Governo aprova PEC dos Precatórios que dá calote de R$ 850 bi em aposentados e outros. PT vota a favor
O líder do governo Fernando Bezerra (MDB) e o presidente do Senado Rodrigo Pacheco (DEM-MG). Foto: Jefferson Rudy/Agência Senado

O plenário do Senado aprovou nesta quinta-feira (2), em dois turnos de votação, a PEC dos Precatórios, também conhecida como a PEC do Calote. A medida abre no Orçamento de 2022, em pleno ano eleitoral, um espaço fiscal para o governo Bolsonaro, estimado em R$ 106 bilhões, para o pagamento do Auxílio Brasil.

Os recursos foram viabilizados por meio de duas manobras. A PEC muda o período de cálculo da inflação que define o Teto de Gastos, o que ampliou o limite de despesas liberadas ao governo, e também cria um limite para o pagamento de precatórios devidos pela União, estabelecendo um calote até o ano de 2026. O texto abre brecha para que os recursos também sejam usados para emendas parlamentares.

Precatórios são dívidas de natureza salarial, previdenciária, tributária, entre outras, frutos de ações judiciais que o governo perdeu na Justiça para pessoas físicas, empresas, estados ou municípios. Com o limite no pagamento imposto pela PEC, somente no próximo ano, o governo deixará de pagar cerca de R$ 49 bilhões. Até 2026, pelas contas da Auditoria Fiscal Independente do Senado, o calote de Bolsonaro e Guedes vai produzir uma dívida que pode chegar a mais de R$ 850 bilhões.

PT também vota a favor da PEC

A PEC foi aprovada em primeiro turno com 64 votos a favor, 13 contra e 2 abstenções, e, a partir de um acordo entre os senadores para quebra de interstício (o intervalo regimental para discussão entre as votações), foi votada em segundo turno, com um placar de 61 votos a favor, 10 contra e 1 abstenção.

O texto, enviado pelo governo ao Congresso e considerado crucial para Bolsonaro, foi aprovado após uma intensa articulação nas últimas semanas e, ao final, contou com o voto de senadores da oposição, inclusive do PT.
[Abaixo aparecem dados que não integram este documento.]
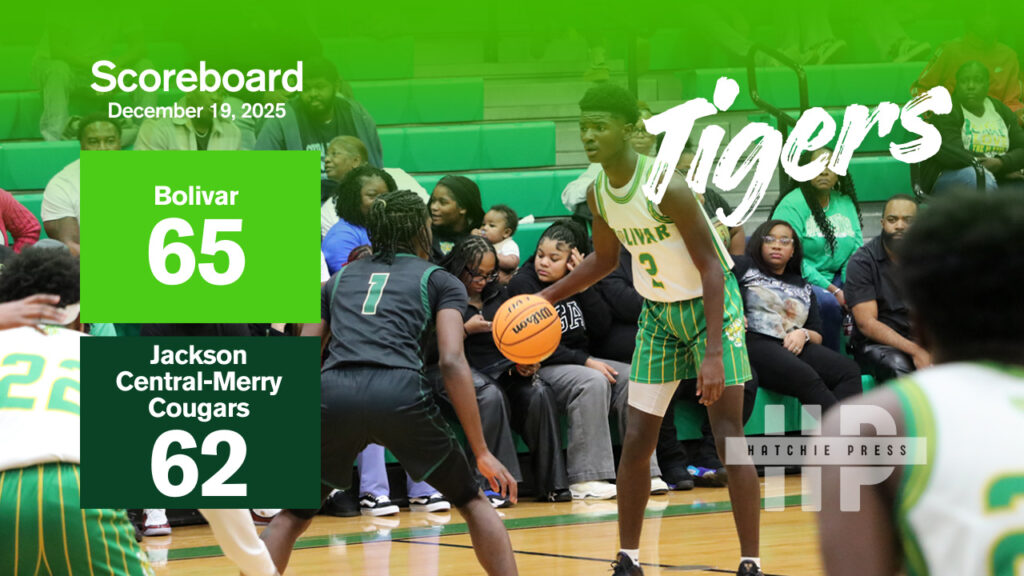 The Bolivar Central High School Tigers played the Jackson Central-Merry Cougars and won with a pass from Jeremiah Woody (#22) to Jermicheal Neely (#25), who ended the 62-62 tie with a three-point shot. { see video }
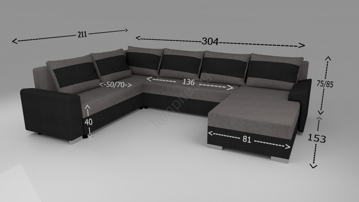 • Тапицирана универсална разтегателна холова гарнитура тип U OXFORD черна/сива
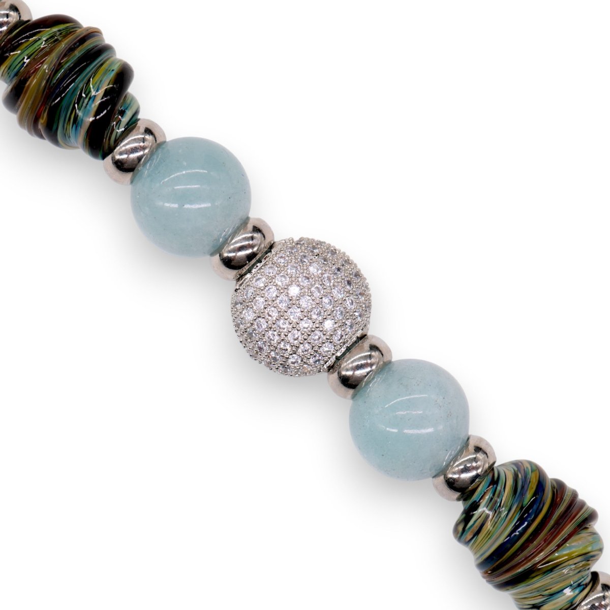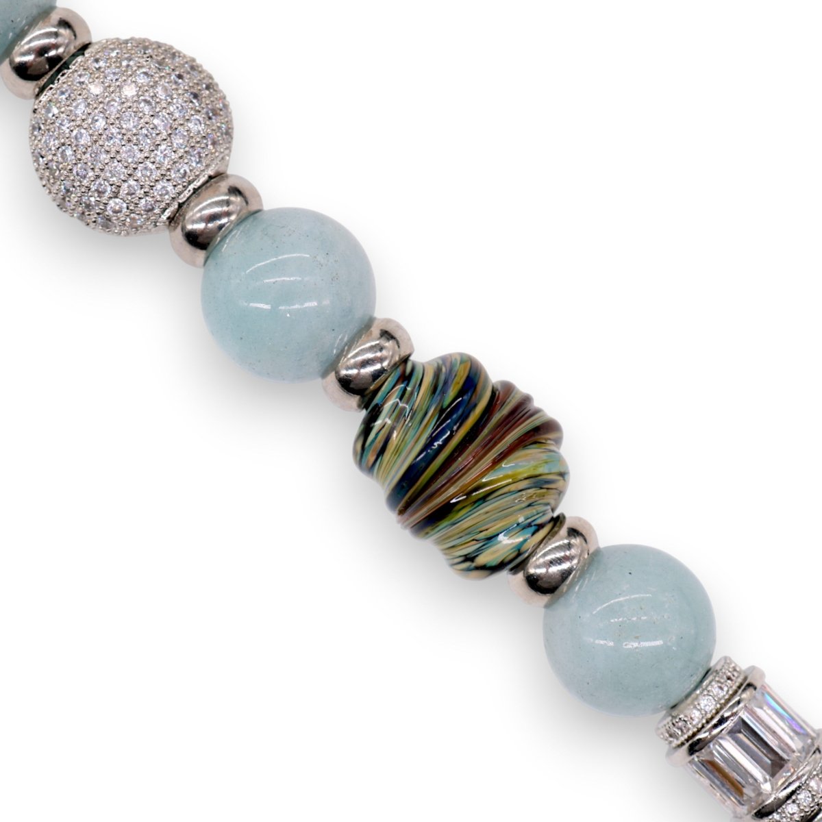 At its heart lies a platinum-plated micro pavé center bead, glowing with soft, refined sparkle. Surrounding it are genuine Aquamarine gemstones, among the world’s most coveted stones, admired for their tranquil ocean hue and unmistakable luxury. Two handblown glass lampwork beads, created by a master artist in British Columbia, bring an artful, one-of-a-kind touch — no two are ever alike.

Criticados, os petistas tentaram dar as mais variadas desculpas para justificar a posição.

Aposentados e professores sem receber direitos

Os precatórios continuarão a ser lançados por ordem de apresentação pela Justiça e aqueles que ficarem de fora em razão do limite de pagamento serão rolados para os anos seguintes. Contudo, o credor de precatório não contemplado no orçamento terá optar pelo recebimento em parcela única até o fim do ano seguinte se aceitar desconto de 40% por meio de acordo em juízos de conciliação. Ou seja, verá seu pagamento adiado e ainda terá desconto.

Aposentados e professores estão entre os principais afetados. Estima-se que um terço dos precatórios em 2022 é de aposentados e pensionistas que lutam há vários anos na Justiça para receber seus direitos, em ações que reivindicam, por exemplo, o recálculo de seus benefícios. Direitos que muitos deixarão de receber mesmo tendo ganhado na Justiça.

Um levantamento do Sindnapi (Sindicato Nacional dos Aposentados, Pensionistas e Idosos), com base nos dados públicos de tribunais federais e obtido pela BBC News Brasil, mostra que um terço (34%) dos precatórios de 2022 é de natureza “alimentar”, ou seja, são dívidas de aposentadorias, pensões, indenizações e salários atrasados históricos do INSS. São aproximadamente 200 mil pessoas que representam cerca de R$ 31 bilhões da composição dos precatórios do próximo ano.

Professores da rede pública de estados e municípios também serão prejudicados. Isso porque parte dos precatórios também são dívidas que a União tem em razão de um erro do governo no repasse de recursos do antigo Fundef (Fundo de Manutenção e Desenvolvimento do Ensino Fundamental e de Valorização do Magistério), que foi substituído pelo Fundeb (Fundo de Manutenção da Educação Básica).

Mesmo após concessões feitas pelo governo nas negociações no Senado, ficou estabelecido que os precatórios relativos ao antigo Fundef serão pagos em três anos: 40% no primeiro ano e 30% em cada um dos dois anos seguintes.

Uma das propostas aprovadas na Câmara acabou ficando de fora do texto final aprovado pelos senadores: o mecanismo que permitiria a securitização de créditos públicos, uma manobra que iria aumentar ainda mais a fraude da Dívida Pública e vinha sendo denunciada pela Auditoria Cidadã da Dívida (entenda mais aqui).

Texto voltará à Câmara

Como o Senado alterou o texto originalmente aprovado na Câmara, o texto terá de voltar a ser votado pelos deputados novamente em dois turnos, podendo sofrer novas alterações ou não.

Para o dirigente da Secretaria Executiva Nacional da CSP-Conlutas Atnágoras Lopes, a PEC dos Precatórios é mais um golpe que o governo Bolsonaro dá nos trabalhadores, com o apoio do Congresso.

“O discurso para aprovar a PEC é o pagamento do Auxílio Brasil, mas para isso o governo não precisa impor um calote bilionário em aposentados, professores e outros credores que ganharam ações na Justiça, após esperarem vários anos, muitos até décadas. Bastaria usar parte dos R$ 5 trilhões que o país tem em caixa segundo dados do Tesouro e do Banco Central ou parar de desviar dinheiro público para o pagamento da ilegal Dívida Pública a banqueiros e especuladores”, disse.

“Absurdo é ver que esse golpe teve apoio do PT e outros partidos que se dizem oposição”, criticou.

Outro fator destacado por Atnágoras é a manobra eleitoreira feita com o Auxílio Brasil. “O auxílio é uma necessidade para milhões de brasileiros que estão sofrendo com o desemprego, a carestia e a fome. Mas o valor de R$ 400 foi definido apenas para o próximo ano em que haverá eleições. Mas ficou para depois a regulamentação do valor a ser pago nos anos seguintes”, disse.

“Além disso, o Teto de Gastos não foi revogado. Criado pela Emenda Constitucional 95, que congelou os recursos públicos por 20 anos, esse mecanismo é que estrangula o orçamento do país e impede os investimentos necessários para garantir direitos básicos para a população”, disse.

A CSP-Conlutas defende que para garantir de fato investimentos públicos e direitos sociais é preciso revogar a EC 95 e o teto de gastos e suspender o pagamento da fraudulenta Dívida Pública que sufoca o país.